■ **ACTIVITY**: Each line below from the one containing "釜山市長に水産庁長官の感謝状を贈呈" through the one containing "交流会議は、平成9年に第1回" should be output exactly as it stands, and no other line should appear.

■ **AVAILABLE DATA**:
------------------------------------------------------------

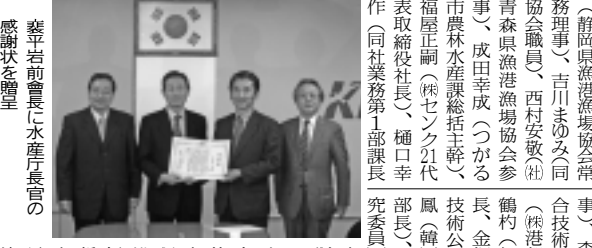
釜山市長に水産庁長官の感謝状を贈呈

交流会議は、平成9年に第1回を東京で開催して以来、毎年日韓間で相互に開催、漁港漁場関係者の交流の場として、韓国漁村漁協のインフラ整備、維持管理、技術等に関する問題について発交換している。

------------------------------------------------------------

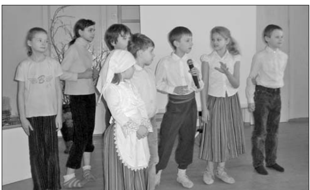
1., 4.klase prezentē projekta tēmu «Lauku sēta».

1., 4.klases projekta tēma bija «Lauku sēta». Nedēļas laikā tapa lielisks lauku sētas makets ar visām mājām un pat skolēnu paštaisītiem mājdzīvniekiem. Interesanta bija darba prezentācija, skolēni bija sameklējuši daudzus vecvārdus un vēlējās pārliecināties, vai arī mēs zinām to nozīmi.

------------------------------------------------------------

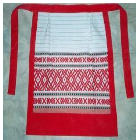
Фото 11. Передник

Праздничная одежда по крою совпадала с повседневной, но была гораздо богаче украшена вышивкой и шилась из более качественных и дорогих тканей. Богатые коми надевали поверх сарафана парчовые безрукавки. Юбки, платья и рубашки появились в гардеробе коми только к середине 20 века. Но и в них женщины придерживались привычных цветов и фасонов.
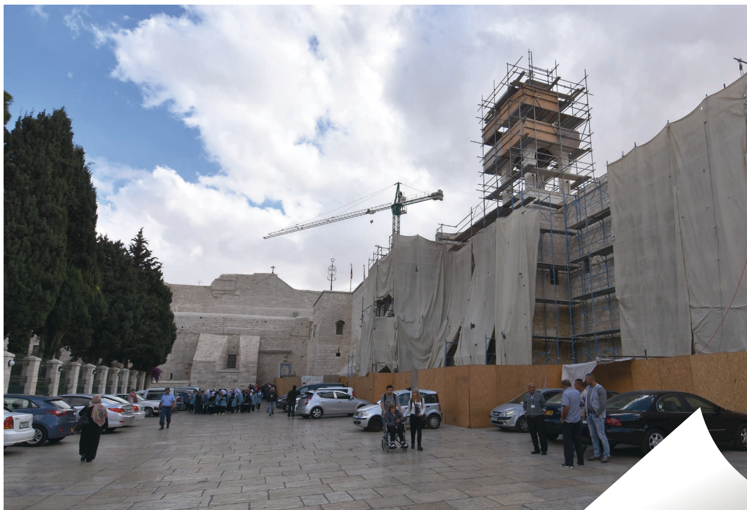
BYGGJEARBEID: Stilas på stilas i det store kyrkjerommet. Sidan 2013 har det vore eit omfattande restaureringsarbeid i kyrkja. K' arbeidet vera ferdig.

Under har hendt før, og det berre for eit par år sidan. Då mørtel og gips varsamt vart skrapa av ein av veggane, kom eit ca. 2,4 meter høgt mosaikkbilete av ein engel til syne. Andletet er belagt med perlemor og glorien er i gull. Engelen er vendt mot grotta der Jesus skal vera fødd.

------------------------------------------------------------

■ **RESULT FOR THIS EXERCISE**:
釜山市長に水産庁長官の感謝状を贈呈

交流会議は、平成9年に第1回を東京で開催して以来、毎年日韓間で相互に開催、漁港漁場関係者の交流の場として、韓国漁村漁協のインフラ整備、維持管理、技術等に関する問題について発交換している。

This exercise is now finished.